Veneto

Discariche e multe, braccio di ferro tra Stato e Regioni

“Non abbiamo nessuna intenzione di fare la figura di quello che intanto paga, in attesa di capire chi deve pagare sul serio. Sulla questione delle sanzioni europee per presunte violazioni alla normativa in materia di discariche abusive e bonifiche inflitte all’Italia  stiamo ricorrendo alla giustizia amministrativa. Io parlo per la Regione Veneto, ma moltissime altre Regioni – quasi tutte –  la pensano come noi”.

Lo annuncia l’assessore all’ambiente della Regione Veneto Gianpaolo Bottacin, riguardo alla dibattuta questione del pagamento delle multe inflitte all’Italia dalla Corte di giustizia europea per la mancata bonifica di alcune discariche.

“Siamo di fronte all’ennesimo pasticcio all’Italiana – dice Bottacin – al termine del quale, come sempre, secondo il Governo dovrebbero essere i territori a pagare. Secondo la Ragioneria generale dello Stato, vale a dire il Ministero dell’economia e delle finanze – fa notare l’assessore del Veneto – tutte queste somme, per il Veneto 3 milioni 494 mila euro circa per nove siti, dovrebbero essere pagate dalle Regioni e quanto versato dallo Stato andrebbe considerato una mera anticipazione, con relativo avvio delle procedure di rivalsa nei confronti degli enti locali”.

“Secondo logica e buon senso – prosegue Bottacin – prima di pagare deve essere chiaro chi deve farlo, proprio secondo il principio europea del ‘chi inquina paga’. Per questo le Regioni tutte, con una nota formale, hanno proposto al governo, in coerenza con il principio della collaborazione, un percorso tecnico per possibili soluzioni condivise e criteri per una equa quantificazione e ripartizione delle sanzioni: la valutazione caso per caso a seconda delle tipologie di situazioni in atto (abbandoni, discariche abusive, discariche autorizzate) e delle azioni fatte su ciascun sito. Inoltre è necessaria la ripartizione delle responsabilità sulla base delle competenze costituzionali e amministrative”.

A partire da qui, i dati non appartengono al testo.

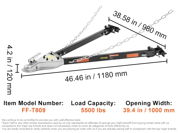 - Kantavuus jopa 5500 lbs / 2495 kg vakaa ja turvallinen hinaukseen.
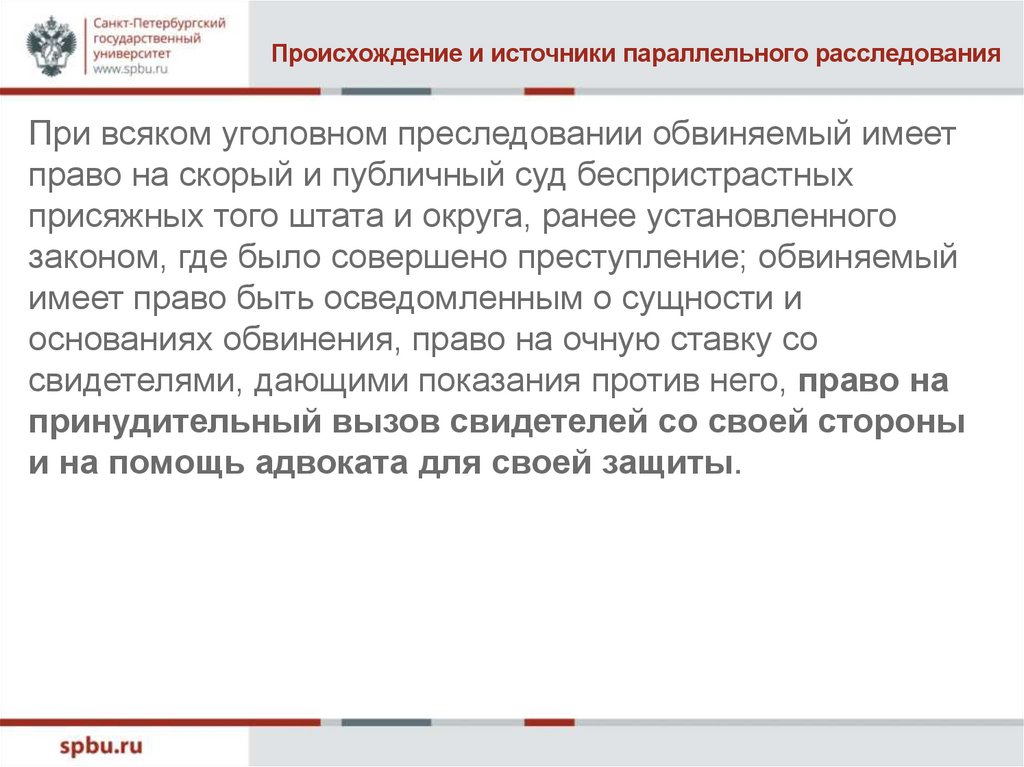 Происхождение и источники параллельного расследованияПри всяком уголовном преследовании обвиняемый имеет
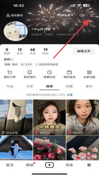 1、進入抖音個人主頁,點擊底部我,然后點擊右上角的三條橫線圖標。
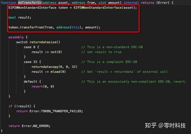 在更新用户余额之前,supply调用了 doTransferIn 函数,跟进 doTransferIn 函数:
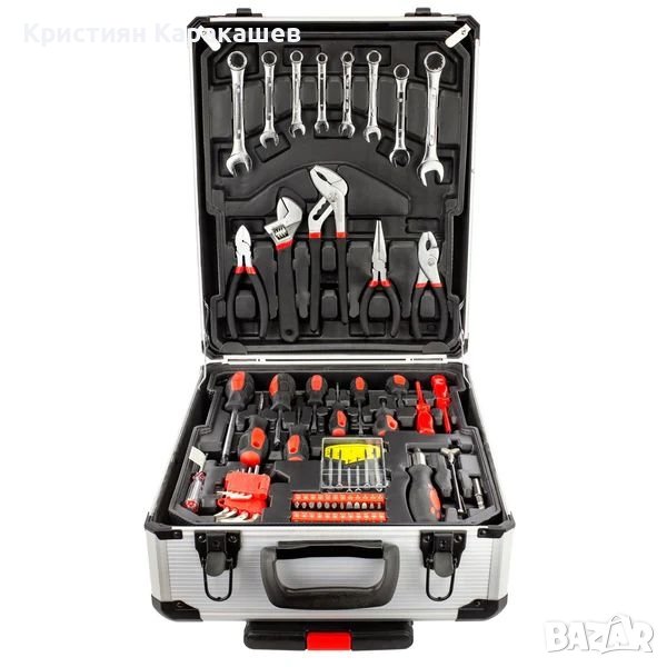 Удобно куфарче на колелца, леко, изработено от алуминий, с цели 1050 инструмента от хром-ванадиева стомана.
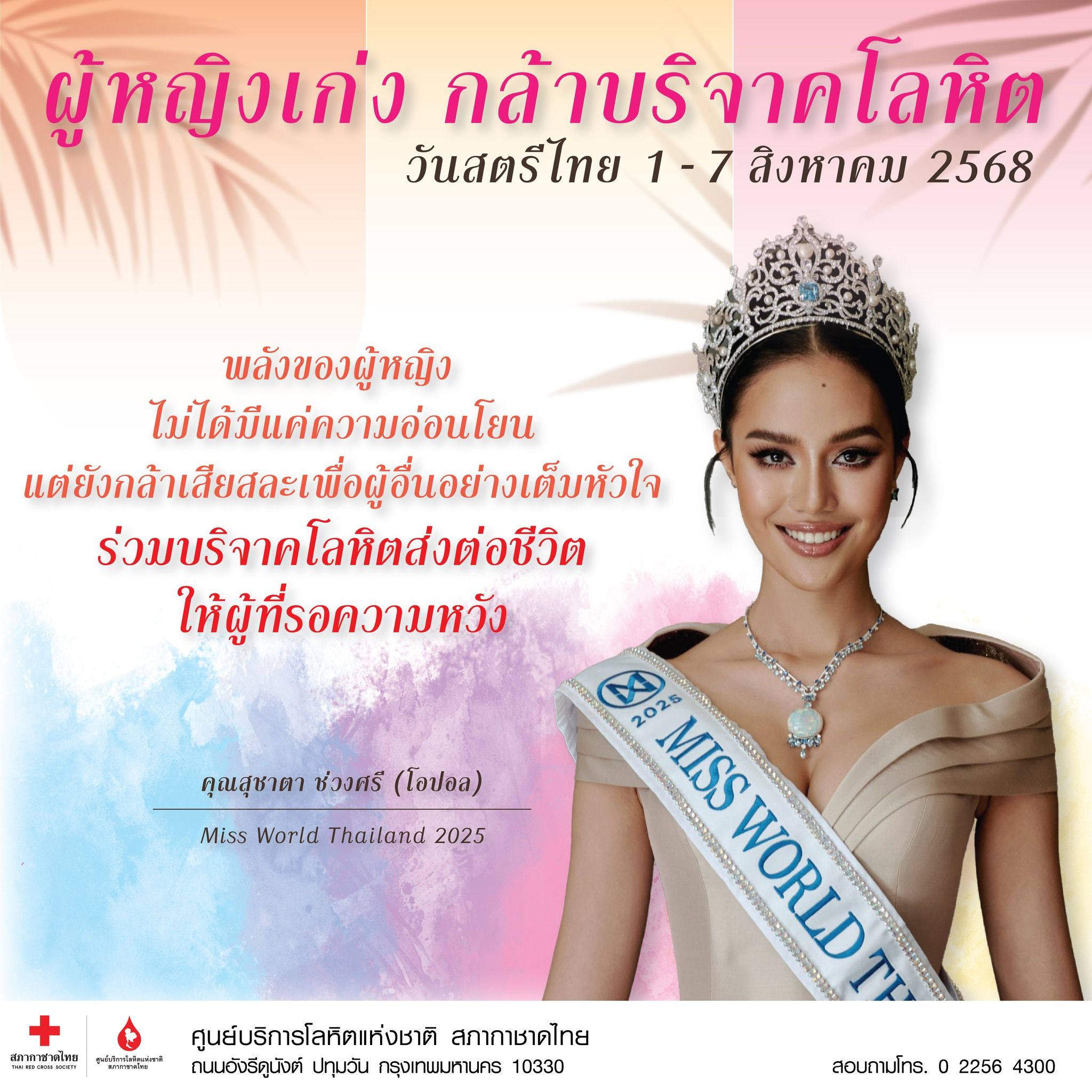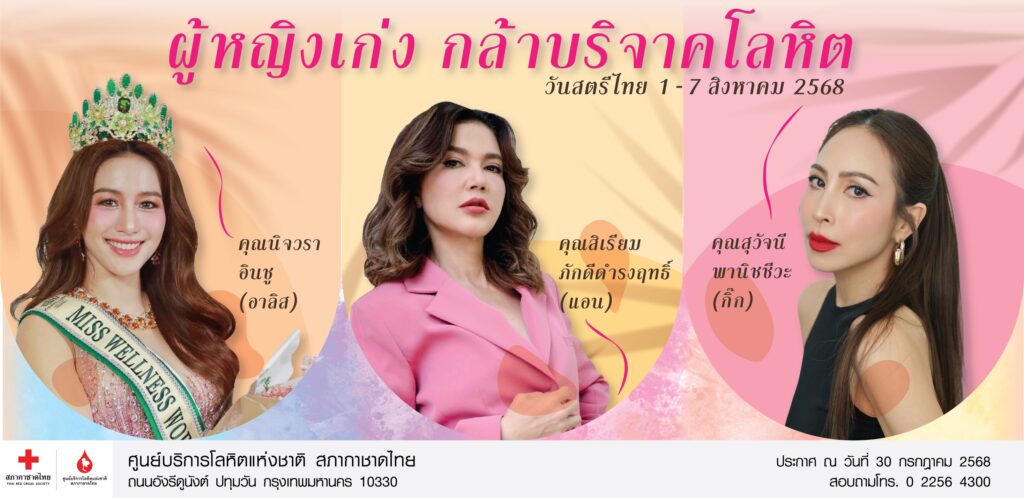 ศูนย์บริการโลหิตแห่งชาติ สภากาชาดไทย ชวนผู้หญิงเก่ง-กล้าทั่วประเทศ บริจาคโลหิตเนื่องในสัปดาห์วันสตรีไทย ระหว่างวันที่ 1 – 7 สิงหาคม 2568 ณ ศูนย์บริการโลหิตแห่งชาติ หน่วยรับบริจาคโลหิตประจำที่ 7 แห่ง (Fixed Station) และภาคบริการโลหิตแห่งชาติ 12 แห่งทั่วประเทศ
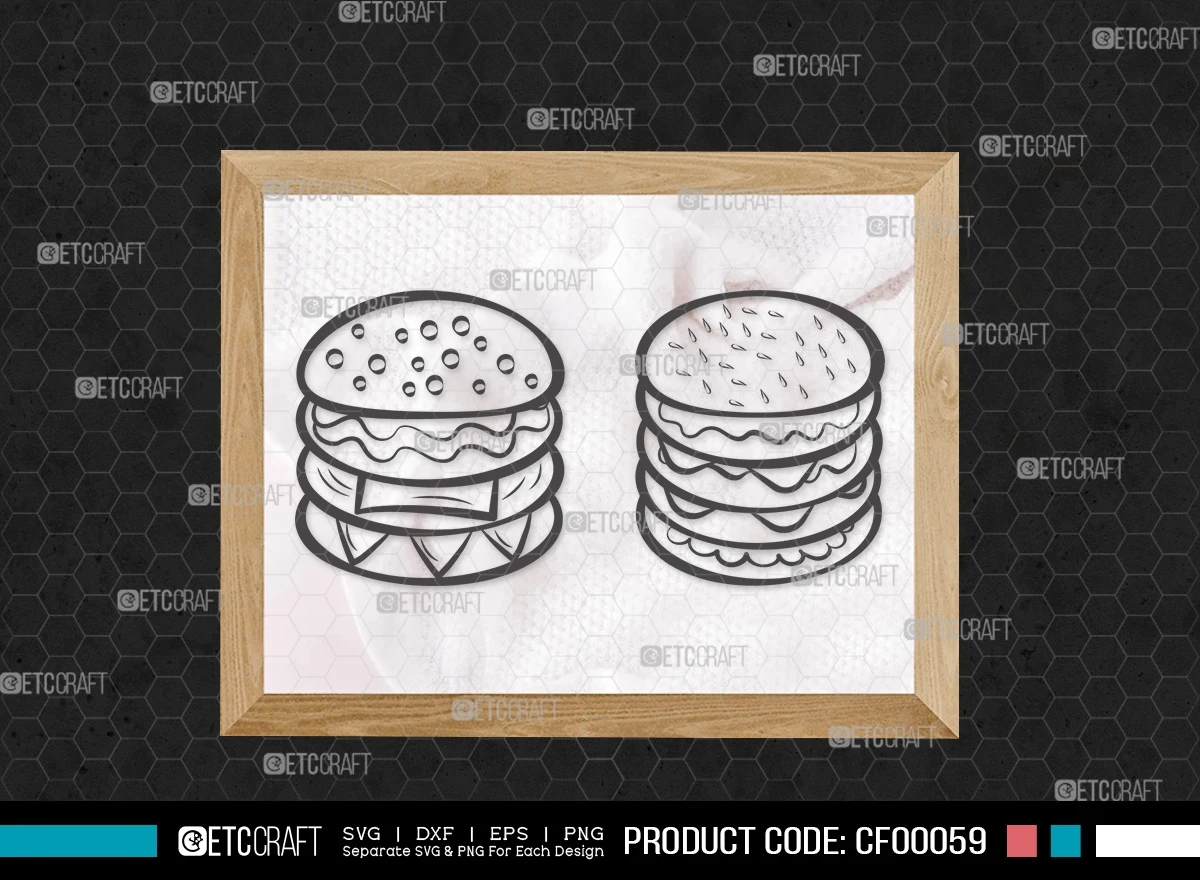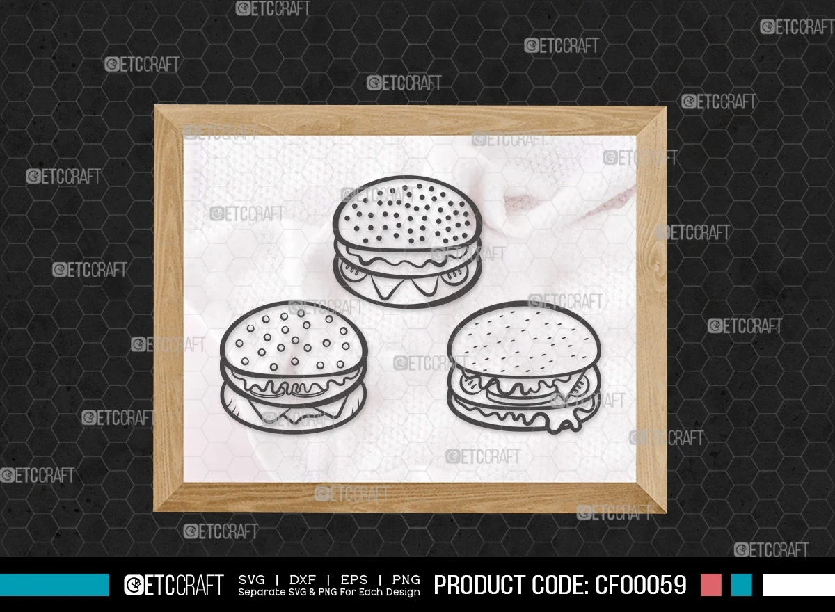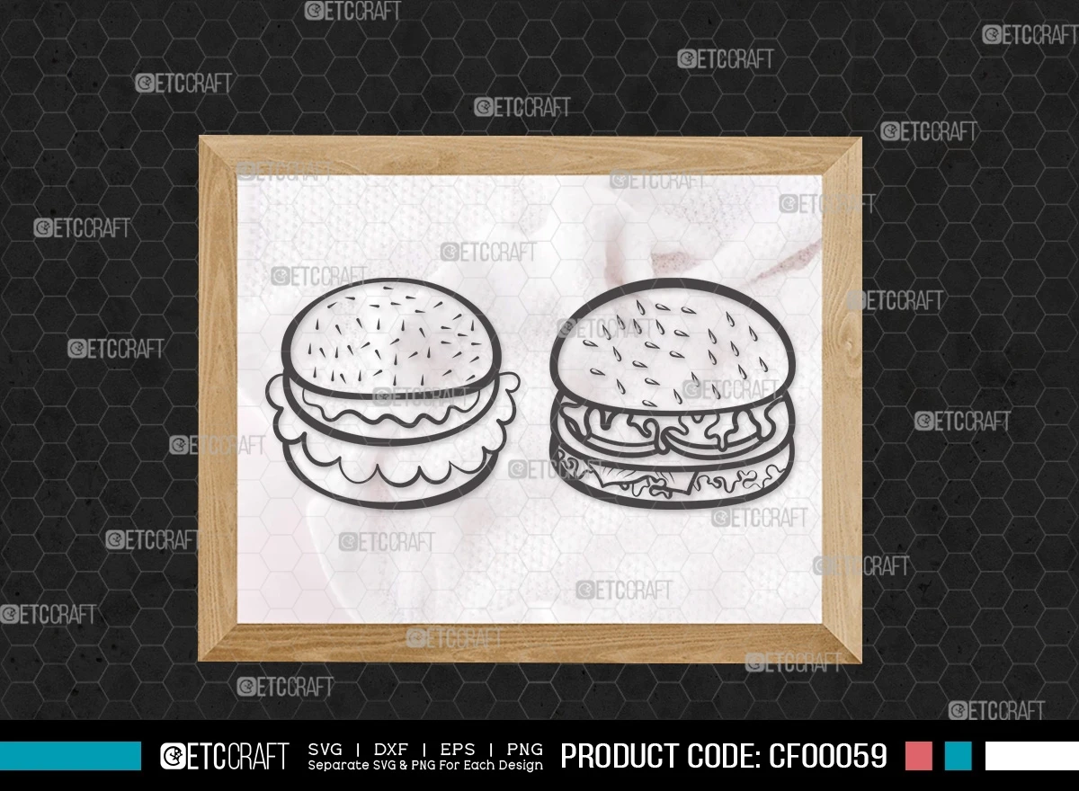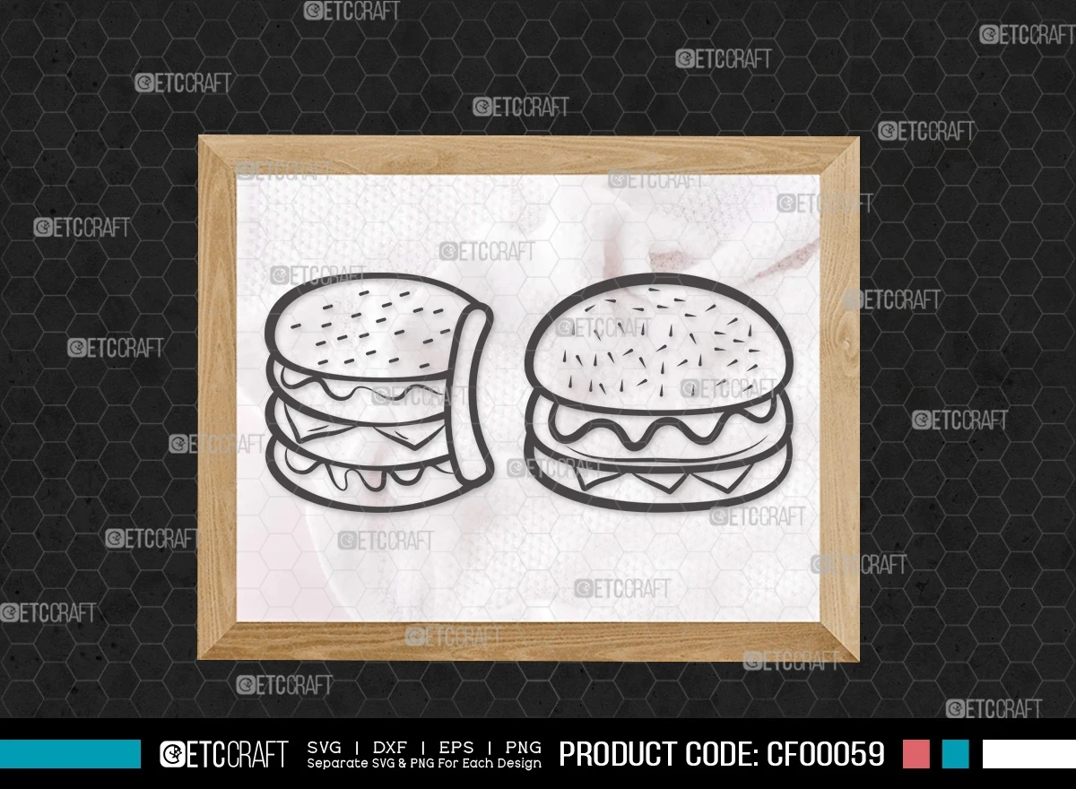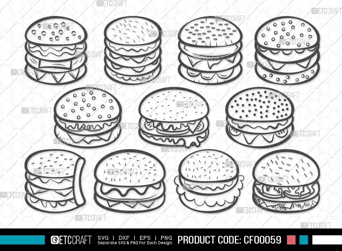 Embrace your inner foodie and craft a feast for the eyes with our "Burger Outline Ham & Cheese BBQ Fast Food" SVG cut file bundle. This collection of burger-themed designs offers a flavorful blend of creativity and style for all your culinary-inspired projects.

“E il bello arriva adesso – rivela Bottacin – perché il 26 maggio scorso, proprio una nota del ragioniere generale dello Stato recita letteralmente che ‘a tal proposito si può condividere la richiesta che, nelle more della definizione delle questioni aperte sia sospesa la decorrenza del termine di 90 giorni fissato nella nota di avvio della procedura di rivalsa’ il cui protocollo è del primo aprile 2016”.

“Abbiamo quindi ragione ma dovremmo pagare lo stesso? – conclude Bottacin – non se ne parla proprio: prima si facciano le cose per bene e, per esempio, si escludano dalla questione i siti di interesse nazionale, poi ne riparliamo. Allo stato dell’arte però, non vediamo altra soluzione che attivare il contenzioso”.